The baby slept and slept—far longer than ever before. Joe wasn't used to not changing diapers, not breast feeding; she guessed she should feel cheerier about a break, but she didn't. Her throat was thick and she felt lost. She worried Scout was sick.
Do something
, she told herself. She sorted laundry and, wary of bending over her stitches, started a load. There was still no sign of Ell and Scotia, but the two boats were definitely gone; looking out the window again and again didn't change that. Bad but also weird that Elliot hadn't checked in. The idea of Elliot with Scotia, with fresh, unblemished, uncomplicated Scotia, only made her feel worse.

Joe made tea and settled back on the couch, thinking, cynically,
Lactation tea.

The phone rang and she grabbed it. Linda, an old friend from Nanaimo in BC, wanted to catch up on baby news before she announced to Joe, sotto voce, that her first partner, Dree, had died in a car accident.

“Whoa,” said Joe. She braced herself on the couch.

“I'm sorry to tell you.”

At first, Joe's voice wouldn't come, she produced sound but not words. Then, “Do you know what happened?”

“Driving drunk. Driving stoned, maybe. The tox results will be a while. Wrapped herself around a tree. I don't know; gossip says maybe she wanted to, maybe it was on purpose.”

Slowly, Joe waited for the news to penetrate. She said, “She
was always threatening to kill herself. This is—I can't—Poor Dree. This is really horrible.”

“I remember she was suicidal,” said Linda.

Elliot had never threatened suicide. Joe'd forgotten what a shitty piece of manipulation suicide threats could be when someone was just using them to get what they wanted. Joe thought back to the drama, the meltdowns, the scenes, the hysteria. “Why was I with Dree, for god's sakes, Linda? Why did I think that kind of behaviour was okay? Love at first sight, I remember. And I'd had skin cancer on my back a few months before we met, went through all that treatment baloney, and she told me that she'd had uterine cancer, far worse than what I'd gone through, and it'd spread inside her abdomen. She looked at me and I looked at her—and that was it for the next five years. It's a wonder I ever got my mechanic's ticket, I was so distracted.”

“And the lying,” said Linda. “Remember?”

Joe made a strangled noise, said, “Know how you knew Dree was lying? Her lips were moving.”

Linda giggled.

Joe looked around the cottage, but it was suddenly a Dali painting, dripping, the clock hands running in goo down the wall, the table legs liquefying. Her life now and her insane life with Dree bled together. “She used to steal things,” she said. “I tried everything to get her to stop. I told her how embarrassing it would be if she got caught and I had to tell our friends. I begged her. I tried giving her money, buying her stuff to stop
her. And she was addicted to codeine. Lord, tell me please, why was I with that lunatic?”

“She was funny,” said Linda. “Really fucking funny.”

“She
is
funny! She's so funny!” Joe realized her tense was wrong, sighed. “I loved how funny she was. And warm when she wanted to turn her charm your way. But oh god, the lying, Linda! I remember right off she said she'd reimburse my plane ticket when I flew to Saskatoon to see her, and we went out shopping and she wanted a bunch of clothes and she said she'd pay me back if I used credit, and then, of course, none of that happened. Her cancer diagnosis was like dice in my brain, rattling. If there was a ninety-percent chance she'd be dead in five years, could I commit to loving her
no matter what
, could I take a chance on a woman who was probably going to die, soon and badly?”
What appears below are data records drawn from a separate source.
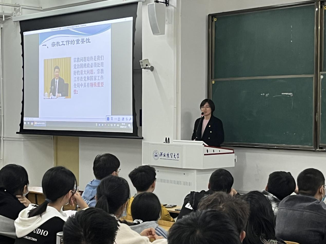 在第五教学楼第二教室开展宗教知识专题讲座,学院党委副书记胡卓理主讲,160余名2022级同学参与。
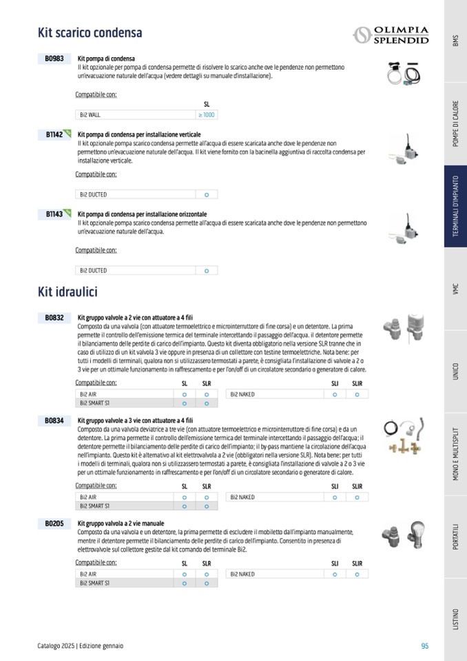 nell’impianto. Questo kit è alternativo al kit elettrovalvola a 2 vie (obbligatori nella versione SLR). Nota bene: per tutti
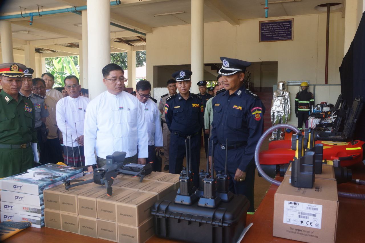 ယင်းနောက် ပြည်နယ်ဝန်ကြီးချုပ်နှင့်တာဝန်ရှိသူများက ပြည်နယ်မီးသတ်ဦးစီးမှူးရုံး၊ အစည်းအဝေးခန်းမတွင် ခင်းကျင်းပြသထားသော မီးငြှိမ်းသတ်ရေးပစ္စည်းများနှင့် ရှာဖွေကယ်ဆယ်ရေးသုံးပစ္စည်းများအား လိုက်လံကြည့်ရှုစစ်ဆေးခဲ့သည်။
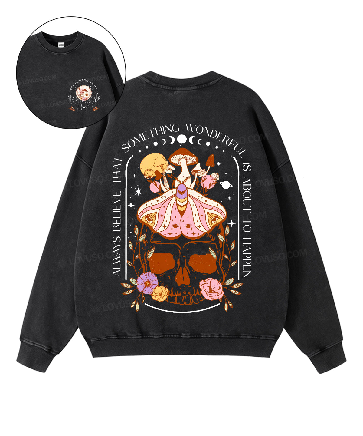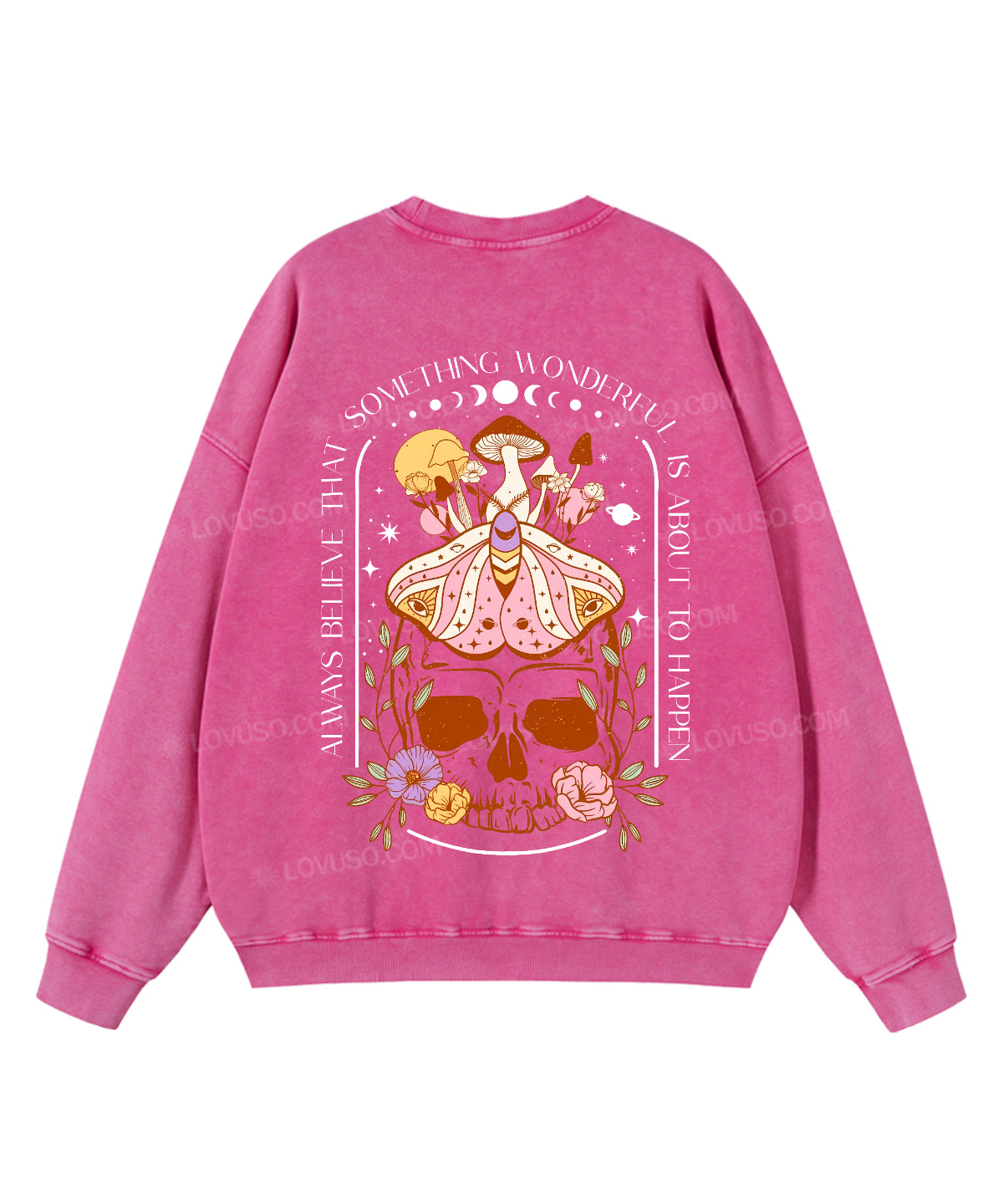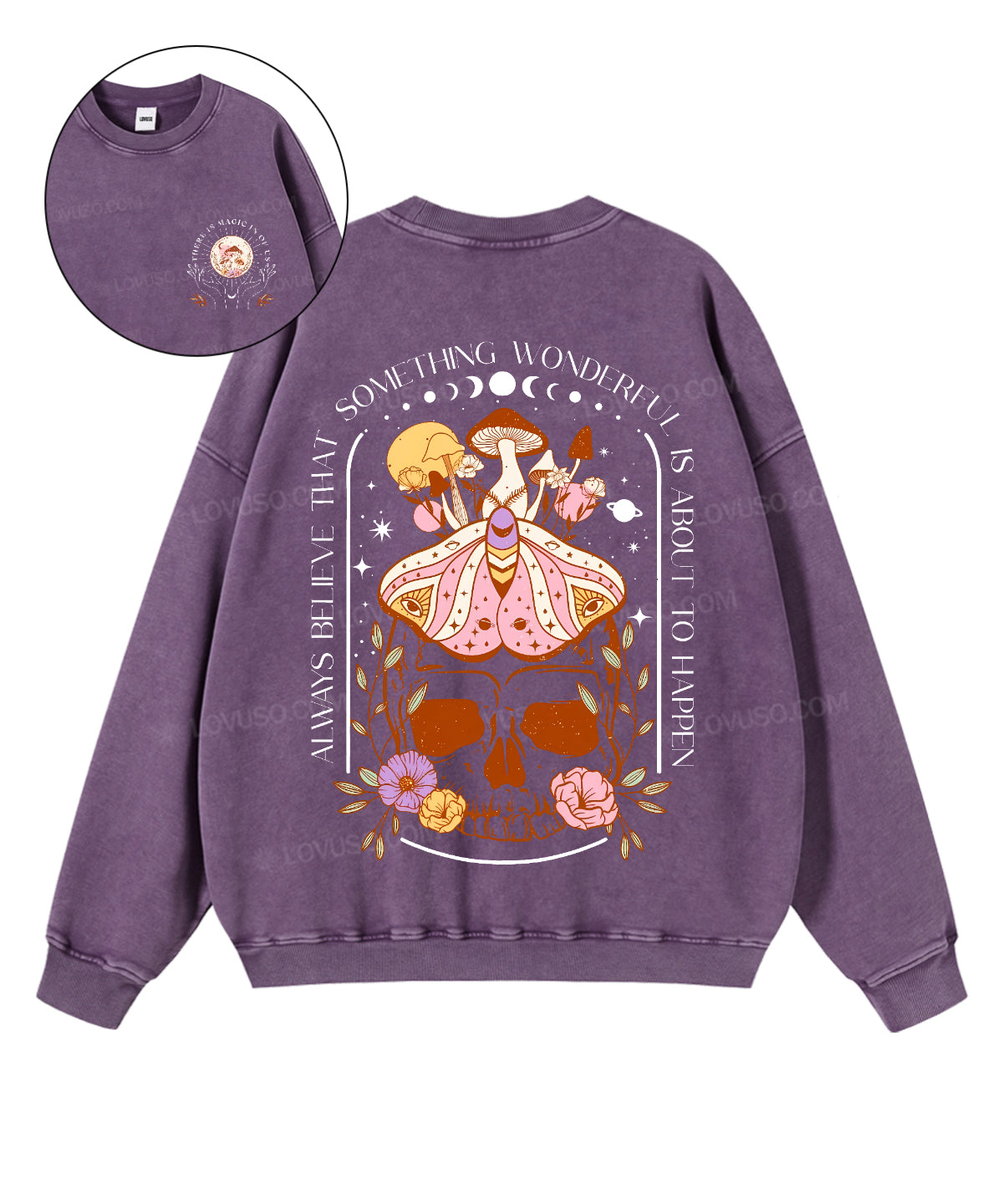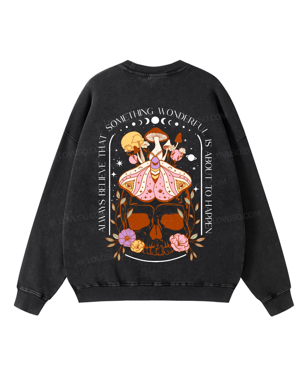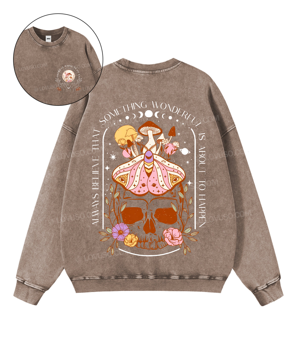 Mysic Always Believe That Something Wonderful Double Sided Washed Sweatshirt
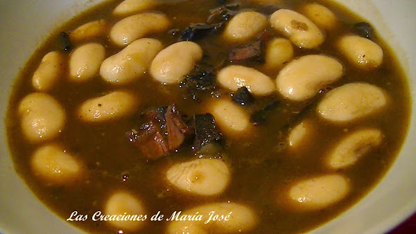 Se ponen los judiones a remojo 24 horas. Se ponen a cocer con la patata y el diente de ajo, cuando esten cocidos se saca la patata y el diente de ajo y se tritura, se echa otra vez a la cazuela con las 2 latas de calamares en su tinta y se deja cocer 10 minutos a fuego medio. Listo y bueniiisiiimooo.
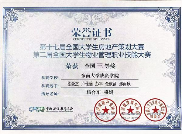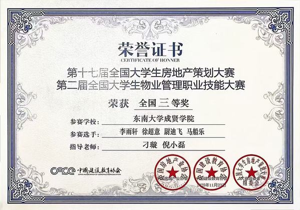第十七届全国大学生房地产策划大赛暨第二届全国大学生物业管理职业技能大赛以数字化、网络化、智能化赋能房地产行业发展为核心,搭建校企人才培养桥梁,设置房地产开发项目策划、城市更新项目策划等多个参赛方向,吸引了69vj 、哈尔滨工业大学、四川大学等全国众多高校同台竞技。经初赛选拔与总决赛现场展示答辩,我校两支队伍表现突出:徐豪杰、邢雨欣、卢佺盛、彭年、金依涵团队在杨会东老师、盛娟老师指导下荣获全国三等奖;李雨轩、徐超意、尉迪飞、马船乐团队在刁璇老师、倪小磊老师指导下,同样斩获全国三等奖。
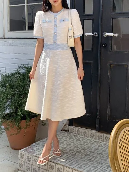 ツイードストレッチラウンドネック長袖Aラインフェイクボタンフェイクポケット配色ワンピース・S1964992
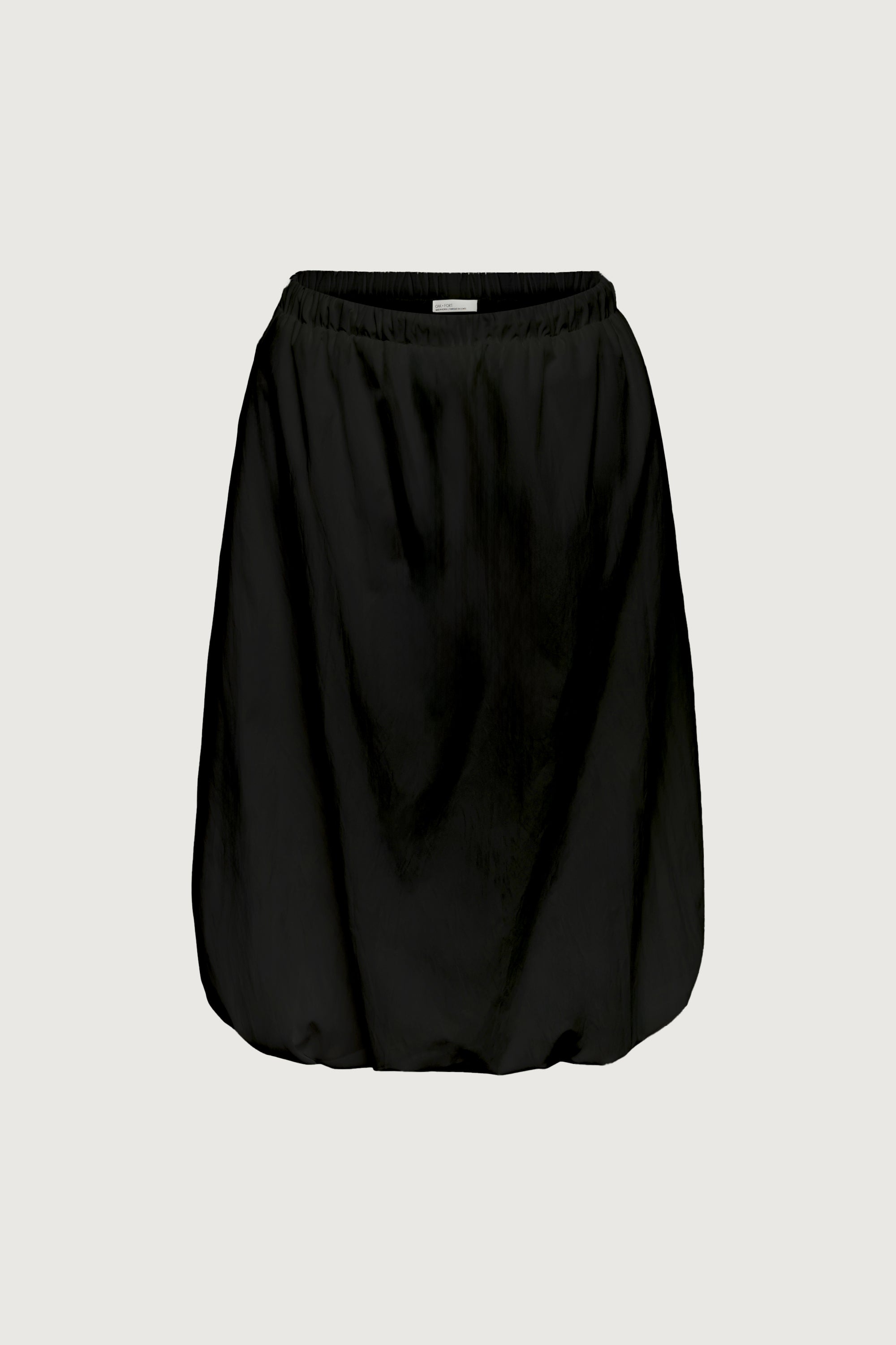 Bubble hem. Midi length. Elastic waistband. Interior drawstring. Nylon blend.
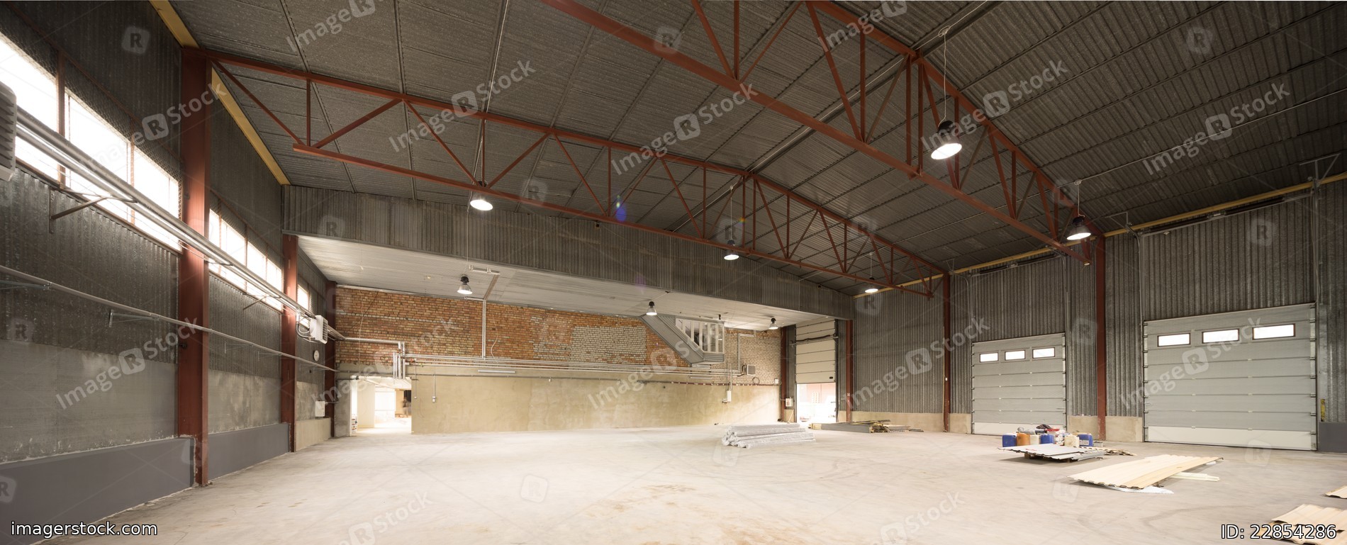 Hangar for storage. Industrial warehouse.
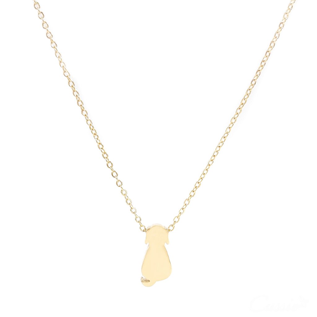 Colar de corrente tipo cadeado com pingente de cachorrinho.
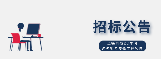 科恒股份車間視頻監(jiān)控安裝工程招標(biāo)公告 江門市科恒實業(yè)股份有限公司全資子公司英德市科恒新能源科技有限公司(以下簡稱英德科恒)K2車間視頻監(jiān)控安裝工程將通過公開招標(biāo)方式進行施工單位招標(biāo)。請投標(biāo)單位仔細、全面閱讀并理解本標(biāo)書內(nèi)容及要求,謹慎按標(biāo)書要求編制相關(guān)的投標(biāo)資料本著自愿、合作及誠信原則參與本次項目...
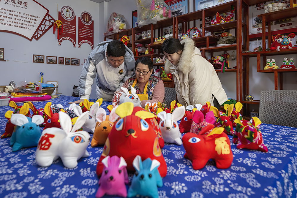 2023、01、26,枣庄市非遗传承人王欣,向放假回乡的大学生传授非遗布艺制作技艺,用文化传承的方式同贺卯兔新年。

“Yes,” said Linda softly. “I remember that.”

“After she moved in with me, she took over the chore of picking up my mail from the post box I had because I moved so often back in those insecure rental years, when I was always having to leave because the landlord was renovating or selling the place, or my girlfriend had left me. One day, Linda, I saw the bag Dree always took into her office, hanging on the doorknob, open, stuffed with mail. I looked; letters to me, bills mostly. I spilled them out in a way that could suggest the dog had just bumped into it—you know, a reminder to give them to me. When she got home, she just put them back in the bag, so I knew she was withholding my mail. I sat her down after
dinner and called her on it. Usually I just had a wobbly case against her lies—some vaguely formed suspicion—but this time I had proof. I confronted her, and she fought me on it for four unremitting hours. She had crazy tactics! She tried chastising me:
How dare you think so little of me!
She tried loving me up:
Oh, sweetie, I would never do anything like that. Why on earth would I? Does that make sense to you? Does that make even a smidgeon of sense?
And of course it didn't, at all, and ordinarily I would have folded. I did fold in similar arguments because she had such good points—the bad stuff never made sense, so it couldn't be real, right? I was a battered old fiddle, and she was a bow. She was good at manipulating me. After that tactic didn't work—and I remember, she gave that one a good hour—she switched to anger: I set her up! How fucking dare I, a fucking student, accuse her, a pharmacy tech, of lying? I ought to be ashamed of myself because, who was I, who was I? I was an asshole, that's who I was. She wished she'd never met me. But I still stuck to my guns. What I remember now is my firmness:
No, you lied. You took my mail. No, you lied. You took my mail.
And her relentlessness. The conversation for her wasn't about stealing, it was about winning. Finally, I got up and went to bed and told her she was not welcome to join me and that I'd give her one last chance in the morning, and if she didn't come clean then, she should pack her bags and move. In the morning when I got up, she was gone. Not her stuff, just her. And there was a note that said, ‘Joe, I did steal your mail. And also, I never had cancer. I hope you can forgive me.'”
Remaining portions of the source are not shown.